Problem 12.  For this problem, we are given only one basis to use.  Because the domain $V = \mathcal{P}_3$ equals the codomain $W = \mathcal{P}_3$, this means we are supposed to use this same basis for both the domain vector space and the codomain vector space.  In particular, this question is asking us to compute the matrix representation

$\text{Rep}_{\mathcal{B}, \mathcal{B}}(D)$

where $\mathcal{B} = \{1, x, x^2, x^3\}$.  This matrix is computed by first evaluating

$D(1) = 0, D(x) = 1, D(x^2) = 2x, \text{ and } D(x^3) = 3x^2$.  One then computes the representation of these output vectors using the basis for the codomain.  This gives

$\text{Rep}_{\mathcal{B}}\,D(1) = (0, 0, 0, 0)^T$

$\text{Rep}_{\mathcal{B}}\, D(x) = (1, 0, 0, 0)^T$

$\text{Rep}_{\mathcal{B}}\, D(x^2) = (0, 2, 0, 0)^T$

$\text{Rep}_{\mathcal{B}}\,D(x^3) = (0, 0, 3, 0)^T$.

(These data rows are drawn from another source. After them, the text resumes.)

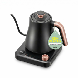 Elegantes Schwanenhals-Design für maximale Kontrolle:Der schlanke Gooseneck-Ausguss ermöglicht einen gleichmäßigen und präzisen Wasserfluss – perfekt für Handfilterkaffee oder Barista-Pour-Over. Das elegante Edelstahlgehäuse in Schwarz macht diesen Wasserkocher Schwanenhals zu einem stilvollen Highlight in jeder Küche
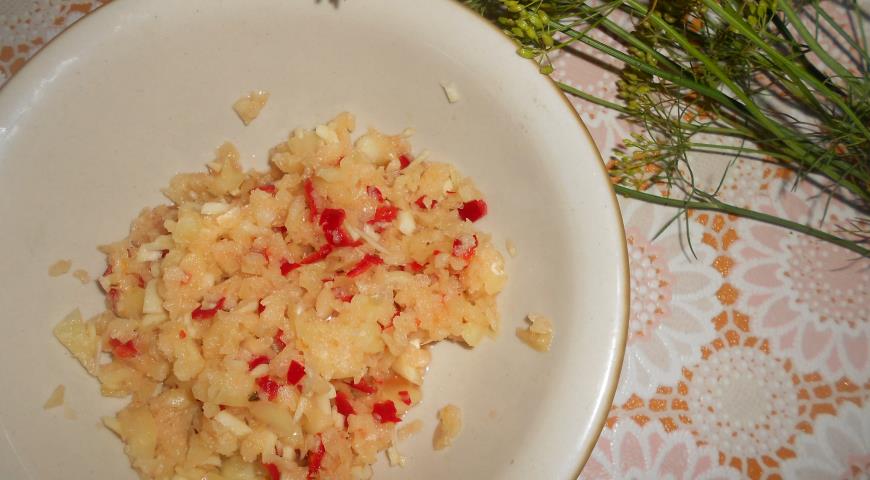 - 마늘 100g을 4분의 1로 자릅니다. 고추 몇 개를 작은 링 모양으로 자릅니다.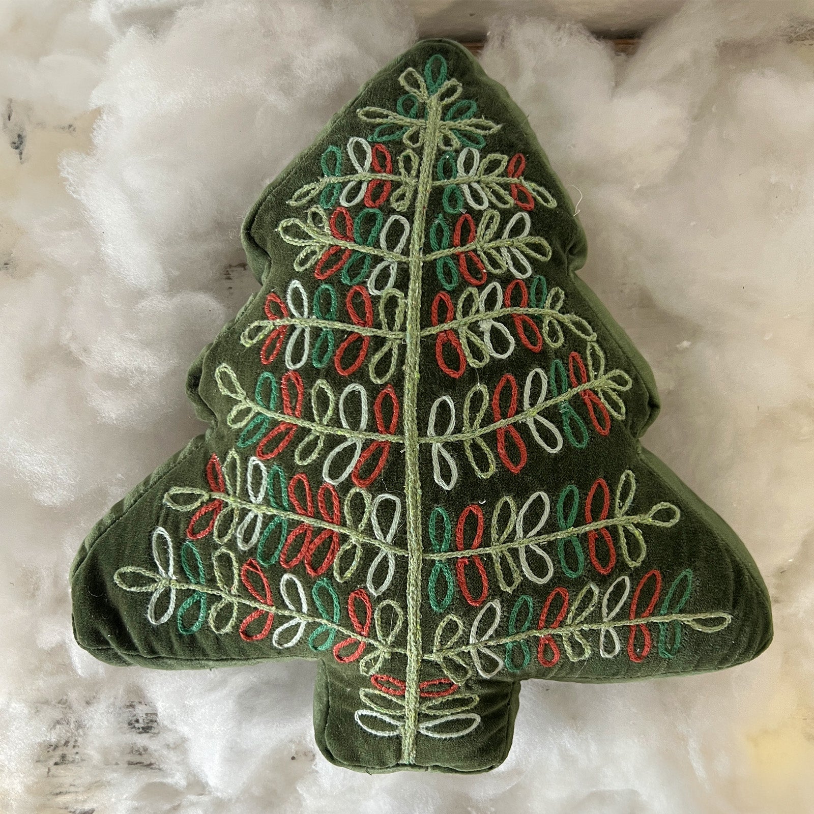 This woven cotton velvet tree-shaped pillow features detailed embroidery, adding a cozy and festive accent to your holiday décor.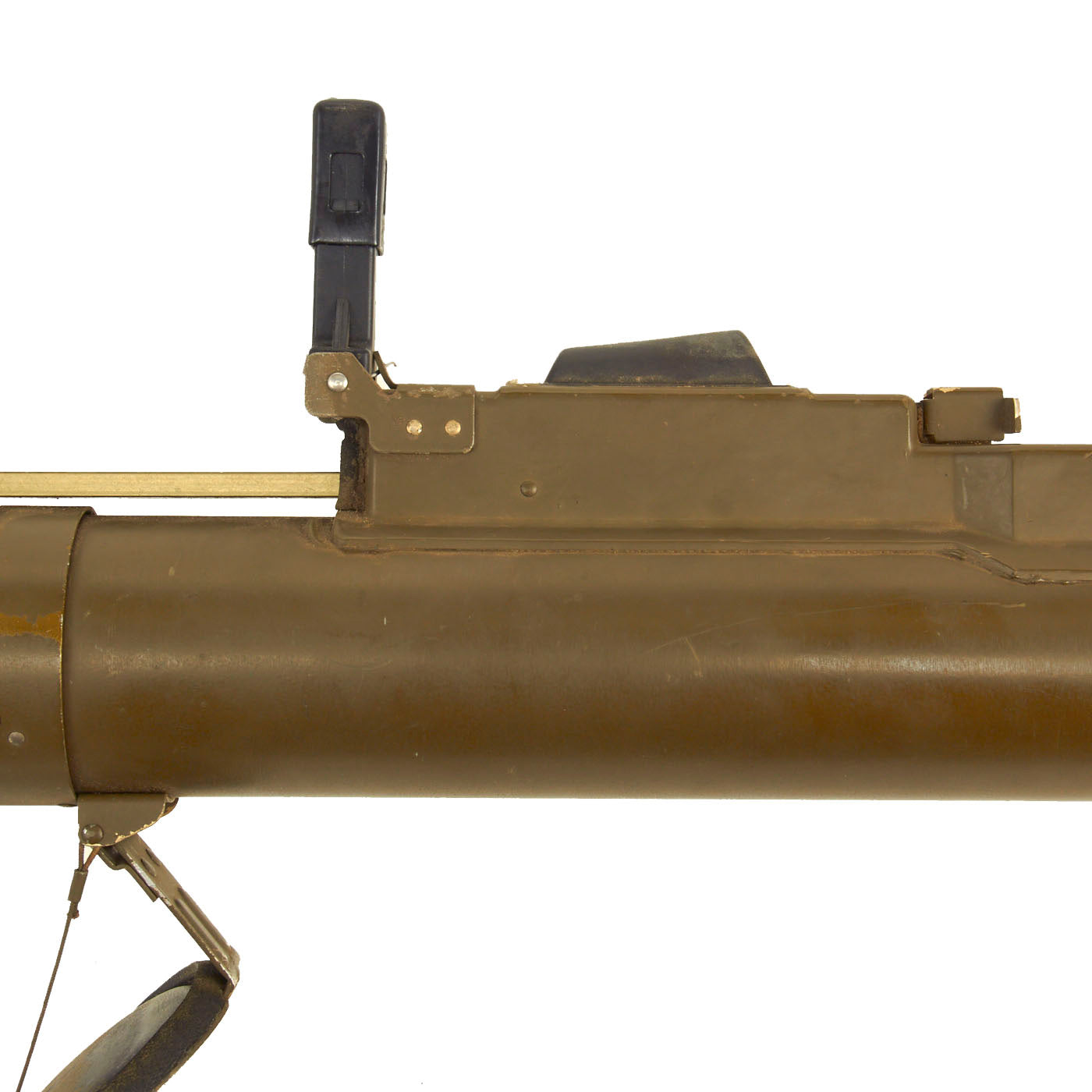 These are timeless in design, which the U.S. Military has tried to replace in the past, but was unable to find anything better than these disposable launchers. This very nice example has the rear sight intact and the front sight, which is so often missing! The front cover and sling assembly is still present and undamaged.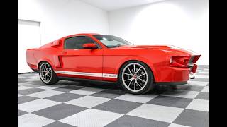 Finished in red and riding low with purpose, this coupe has been transformed with a 1968 RetroBuilt Mustang build that channels pure Eleanor attitude. The custom 1968 body kit, sculpted hood, molded rear spoiler, billet gas cap, and LED tail lights bring unmistakable vintage muscle presence to modern Shelby performance. It is not your average 2011 GT350 look alike, but a full tribute style build that fuses classic fastback aggression with contemporary engineering.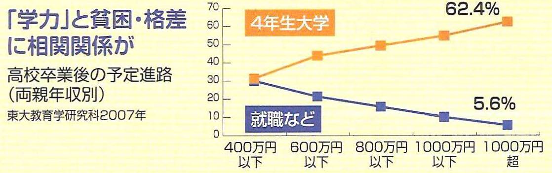 ◆まずは学力と家庭の経済状況の相関。ま、データはもっともっといろいろあるのだろうが、これは高卒後の進路の比8b70eaa1.JPG率でやっている。ま見事に相関しています。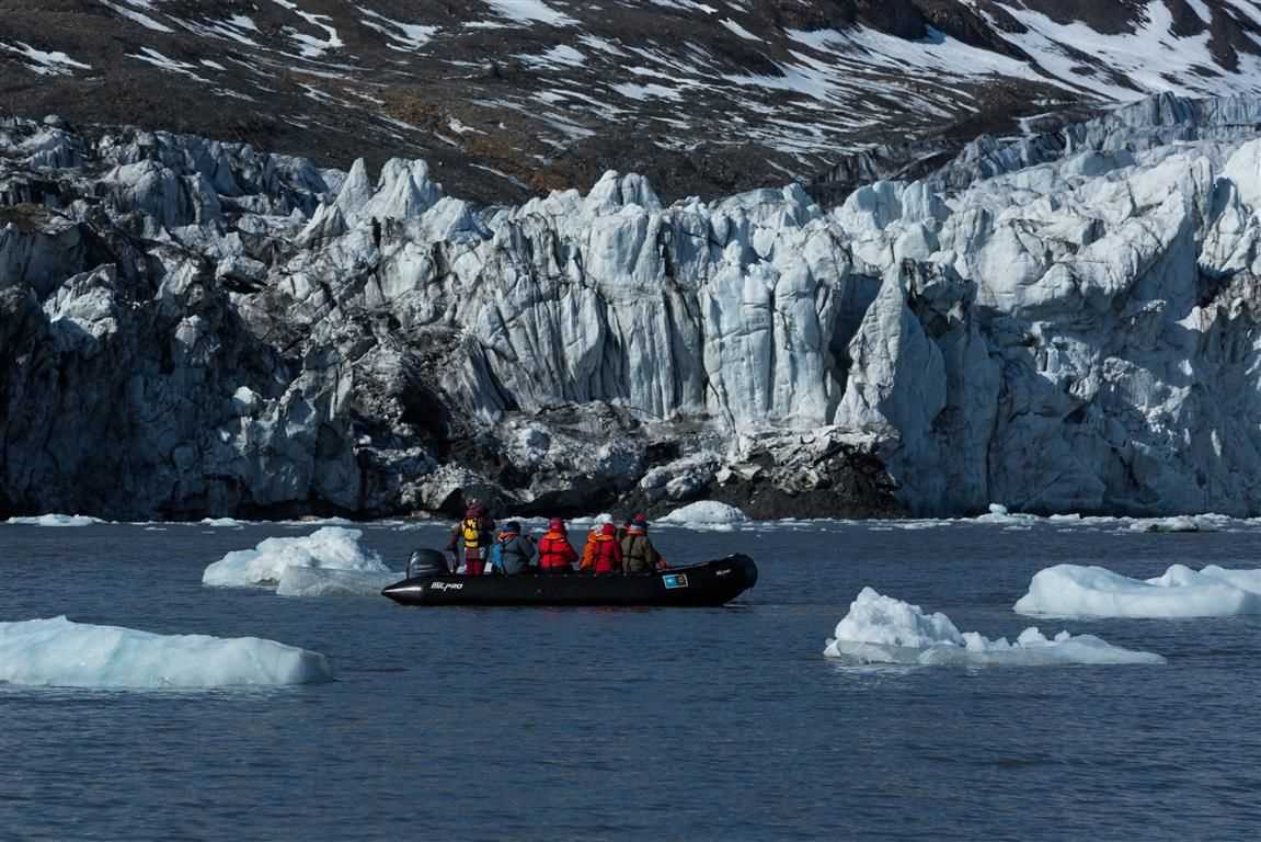 We woke to sunshine! Well, a little, anyway, and that increased throughout the morning. This was ideal for our morning activity of a Zodiac cruise in Bellsund by two large glaciers. As well as beautiful glacier views, we also had lots of ice in the water to drive through, a tern colony on a small island near the glacier, and several bearded seals resting on icebergs and cruising through the water.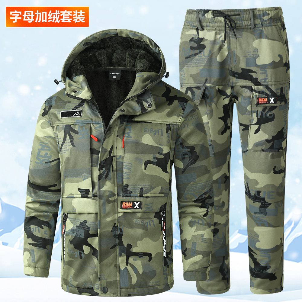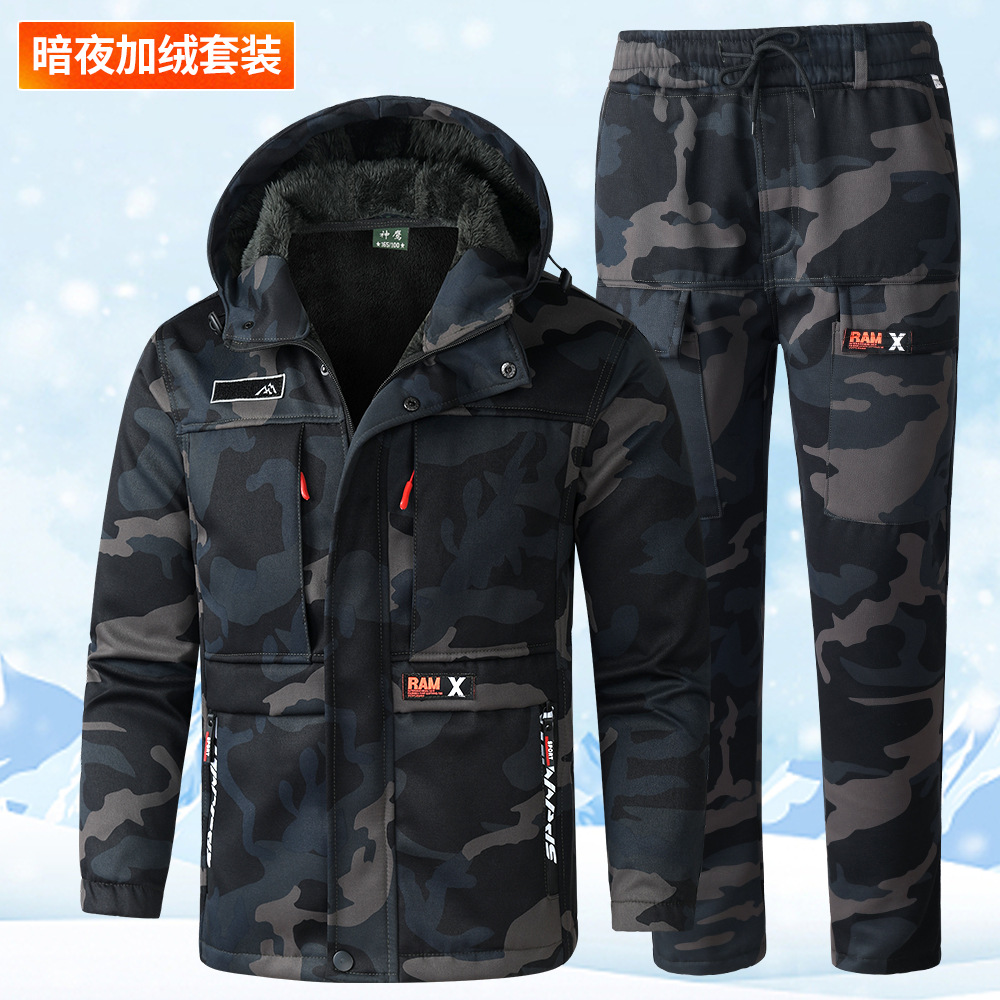 캐시미어 세트 가을과 겨울 남성 작업복 두꺼운 방한 방풍 방수 따뜻한 사이클링 등산 세트 야외스토어 가기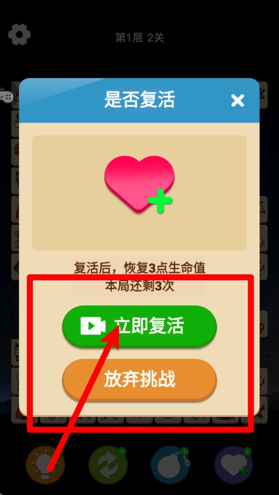 3.点击复活按钮:当挑战失败时,可选择点击绿色按钮观看视频立即复活,恢复三点生命值继续闯关。
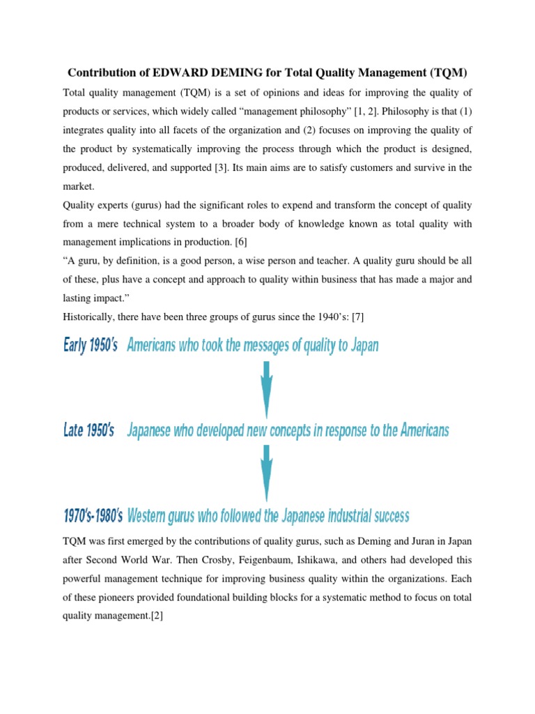 TQM was first emerged by the contributions of quality gurus, such as Deming and Juran in Japan

These output vectors are used as the columns for the desired matrix.  As a result we find

$\text{Rep}_{\mathcal{B}, \mathcal{B}} (T) = \left( \begin{array}{cccc} 0 & 1 & 0 & 0 \\ 0 & 0 & 2 & 0 \\ 0 & 0 & 0 & 3 \\ 0 & 0 & 0 & 0 \end{array}\right)$

Problem 13.  It is straightforward to compute that

$\text{Rep}_B \left(\begin{array}{c} 1 \\ 2 \\ 3 \end{array}\right) = \left(\begin{array}{c} 1 \\ 0 \\ 0 \end{array}\right)$.

To determine the representation of the vector $(-1, 3, 0)^T$ in the basis $B$ we have to solve a system of equations, namely

$c_1 \left(\begin{array}{c} 1 \\ 2 \\ 3 \end{array}\right) + c_2\left(\begin{array}{c} 1 \\ 2 \\ 0 \end{array}\right) + c_3\left(\begin{array}{c} 1 \\ 0 \\ 0 \end{array}\right) = \left(\begin{array}{c} -1 \\ 3 \\ 0 \end{array}\right).$

One finds that $c_1 = 0, c_2 = 3/2$ and $c_3 = -5/2$ so that

$\text{Rep}_B \left( \begin{array}{c} -1 \\ 3 \\ 0 \end{array}\right) = \left( \begin{array}{c} 0 \\ 3/2 \\ -5/2 \end{array}\right)$.

Problem 14.  Skipped.

Problem 15.  The matrix representation is given by

$\text{Rep}_{\mathcal{B}, \mathcal{D}}\,(f) = \left( \begin{array}{cccc} | & | & \cdots & | \\ \text{Rep}_{\mathcal{D}} \,f(\vec{v}_1) & \text{Rep}_{\mathcal{D}} \, f(\vec{v}_2) & \cdots & \text{Rep}_{\mathcal{D}} \, f(\vec{v}_n) \\ | & | &\cdots & | \end{array}\right)$

Problem 16.  Skipped (this was done in class).